> [PROBLEM REQUIREMENTS]: Transcribe the listing below only from the line with "This delicately crafted" up to and including the line with "Havererat sjöflygplan i".

> [TASK INPUT]:
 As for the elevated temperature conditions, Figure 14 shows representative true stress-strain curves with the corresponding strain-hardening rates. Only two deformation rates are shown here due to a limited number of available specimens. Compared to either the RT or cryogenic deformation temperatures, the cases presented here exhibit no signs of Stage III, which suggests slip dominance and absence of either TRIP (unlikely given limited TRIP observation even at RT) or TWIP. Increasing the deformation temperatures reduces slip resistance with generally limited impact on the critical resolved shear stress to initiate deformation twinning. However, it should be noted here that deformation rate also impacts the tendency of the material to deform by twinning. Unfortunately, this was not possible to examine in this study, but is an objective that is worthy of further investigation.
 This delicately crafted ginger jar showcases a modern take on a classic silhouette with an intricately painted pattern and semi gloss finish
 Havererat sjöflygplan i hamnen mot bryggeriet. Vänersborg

==

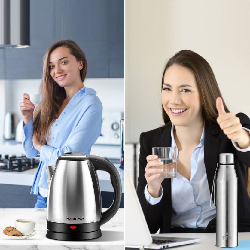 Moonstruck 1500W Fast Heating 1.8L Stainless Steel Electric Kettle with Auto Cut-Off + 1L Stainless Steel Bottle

* * *

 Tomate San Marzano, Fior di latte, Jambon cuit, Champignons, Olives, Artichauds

> [RESULT OF THIS EXERCISE]:
 This delicately crafted ginger jar showcases a modern take on a classic silhouette with an intricately painted pattern and semi gloss finish
 Havererat sjöflygplan i hamnen mot bryggeriet. Vänersborg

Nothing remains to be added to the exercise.